EXERCISE BRIEF: Copy exactly the lines from the beginning of the data down to and including the line holding "本月与上月对比,从整体来看,城市管理问题", without any pictures.

DATA EXTRACT:
# # # # #

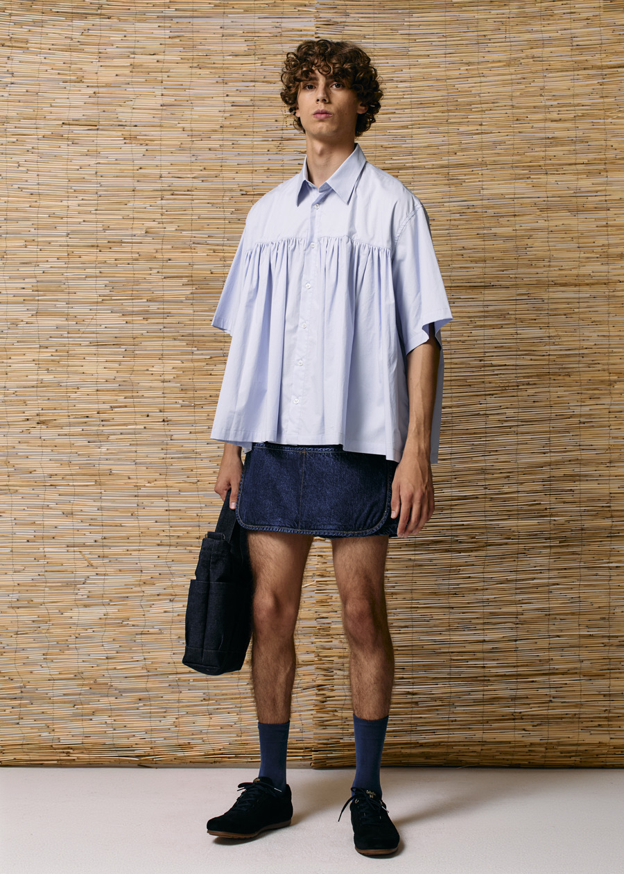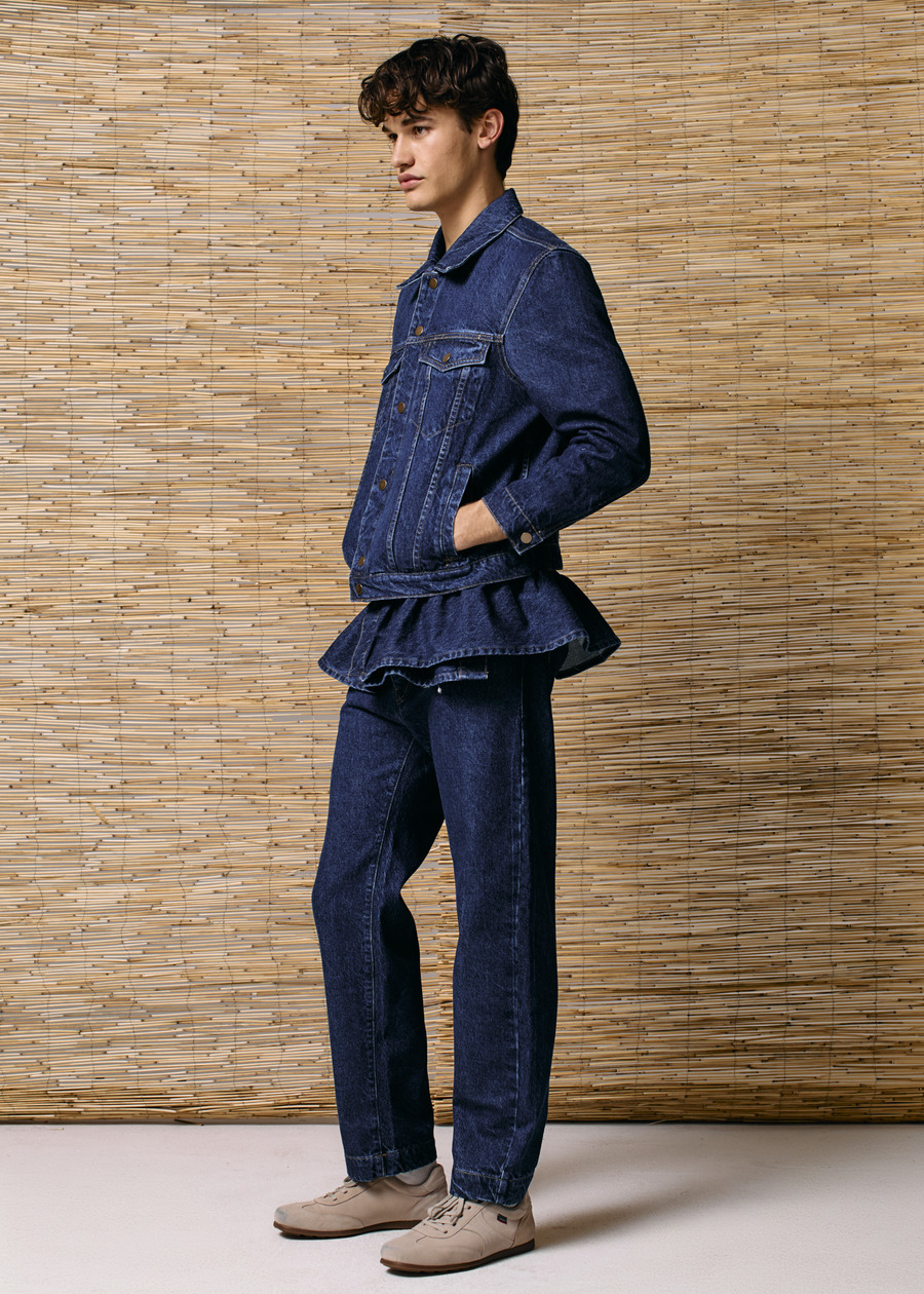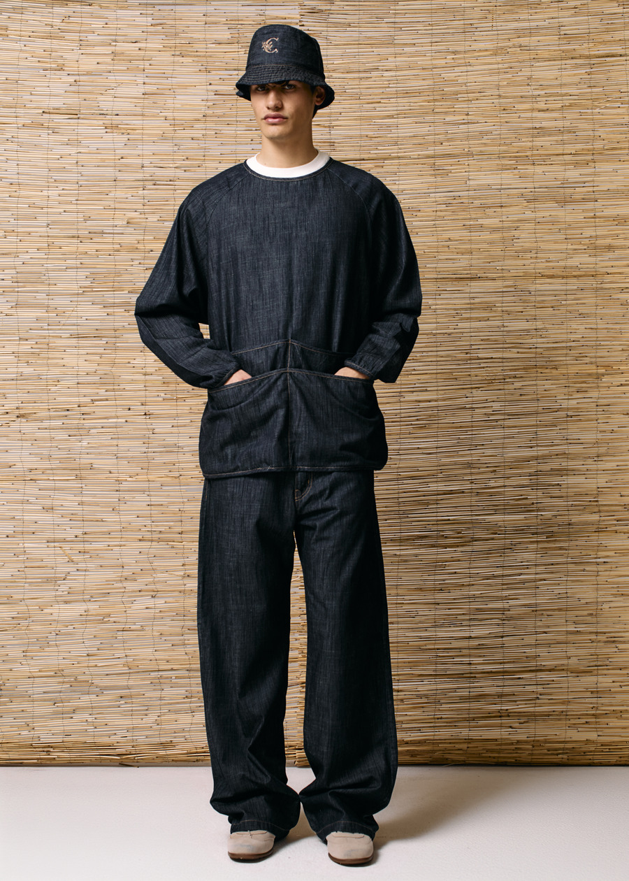 Denim, a hallmark of the brand, makes a strong comeback, taking centre stage in this season’s lineup. Expect iconic pieces reimagined with meticulous details inspired by utilitarian aprons with pouch pockets, providing both functionality and flair.
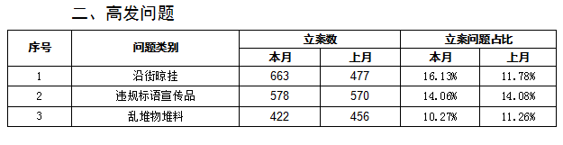 本月与上月对比,从整体来看,城市管理问题立案数量略有上升。各县区、各相关单位针对发现的问题,要进一步加大执法管理力度,抓好问题整改,盯紧重点难点,尤其是对一些易反弹的问题,有针对性地组织开展整治活动,推动市容市貌、人居环境质量进一步提升。
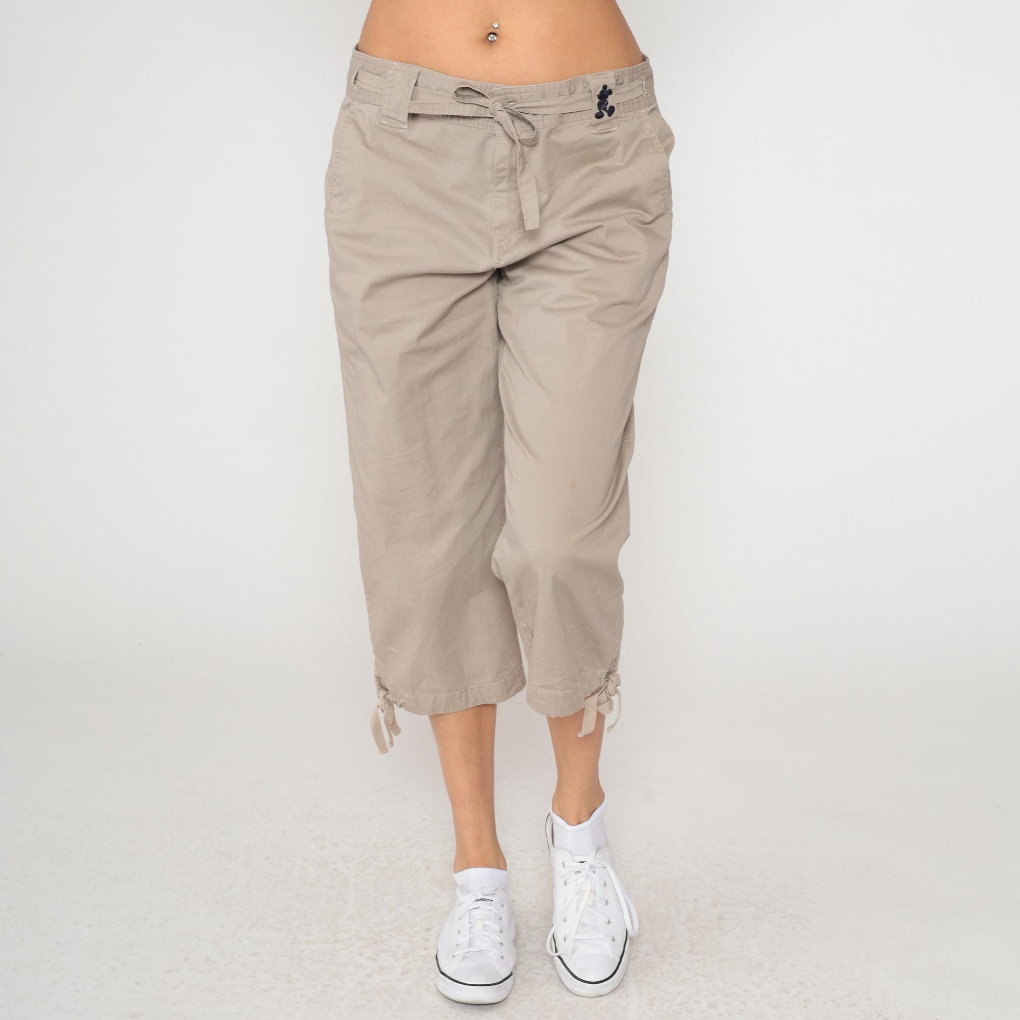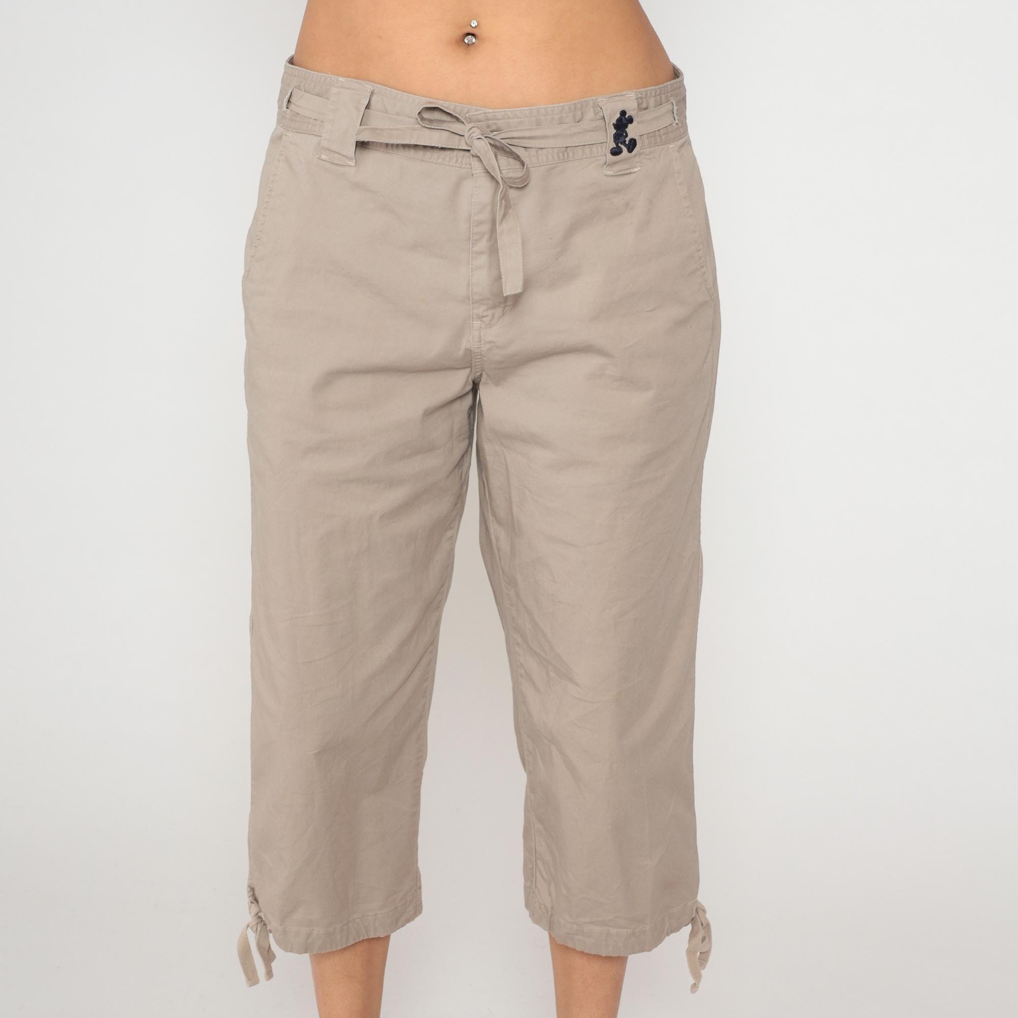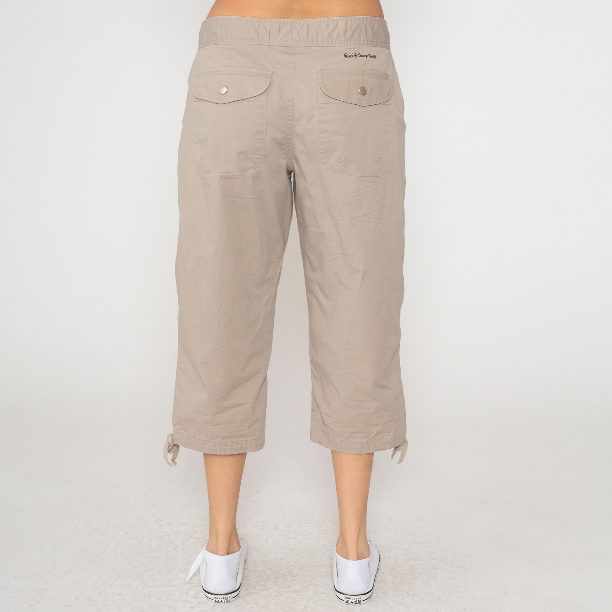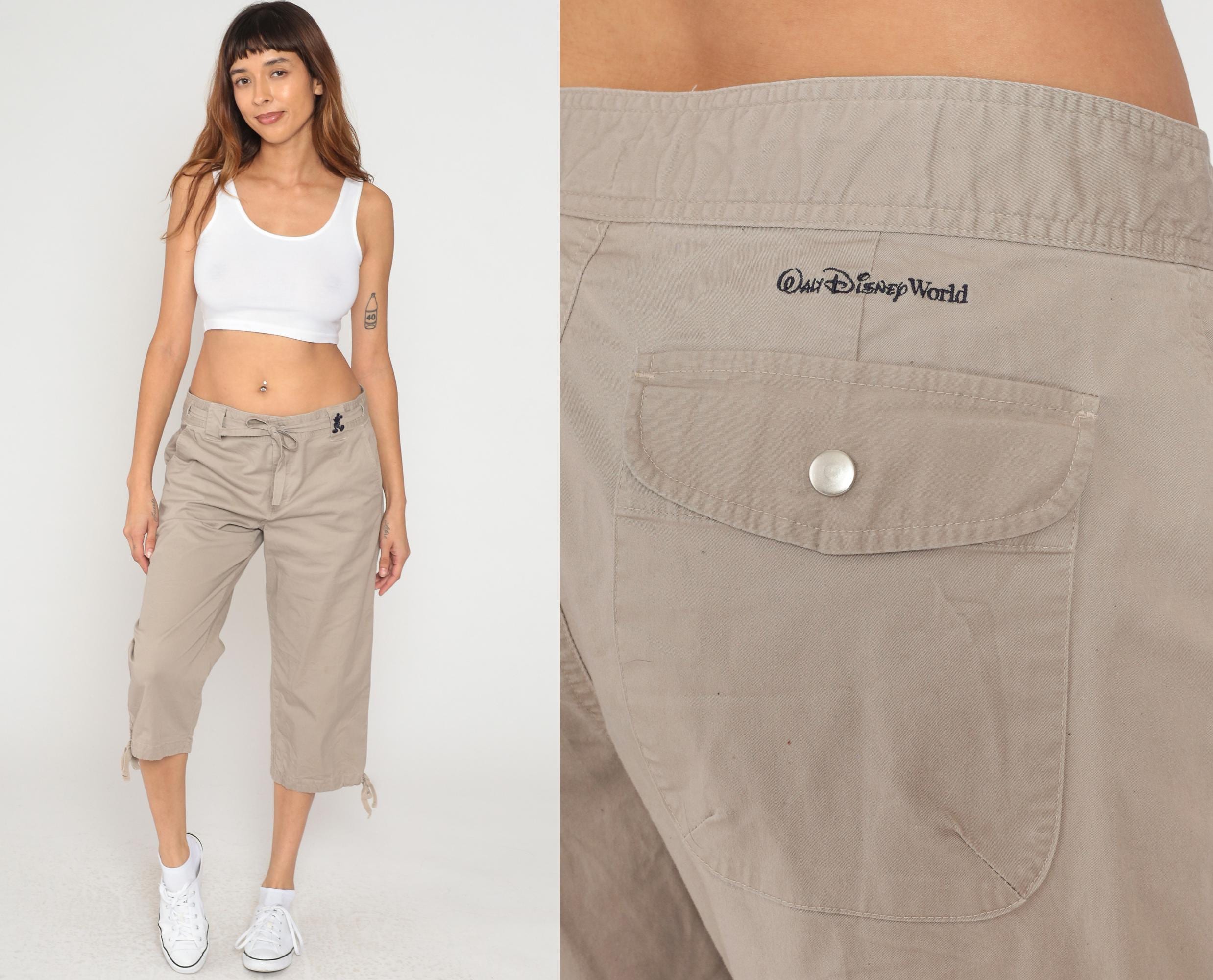 Y2K beige cargo capri pants from Walt Disney World with drawstring waist, belt loops, and Mickey Mouse embroidery at front hip. Two back flap pockets with button closures, side cargo pockets, adjustable tie hems at capri length. Walt Disney World branding embroidered on back waistband.

# # # # #

SOLUTION TO THE PROBLEM:
 Denim, a hallmark of the brand, makes a strong comeback, taking centre stage in this season’s lineup. Expect iconic pieces reimagined with meticulous details inspired by utilitarian aprons with pouch pockets, providing both functionality and flair.
 本月与上月对比,从整体来看,城市管理问题立案数量略有上升。各县区、各相关单位针对发现的问题,要进一步加大执法管理力度,抓好问题整改,盯紧重点难点,尤其是对一些易反弹的问题,有针对性地组织开展整治活动,推动市容市貌、人居环境质量进一步提升。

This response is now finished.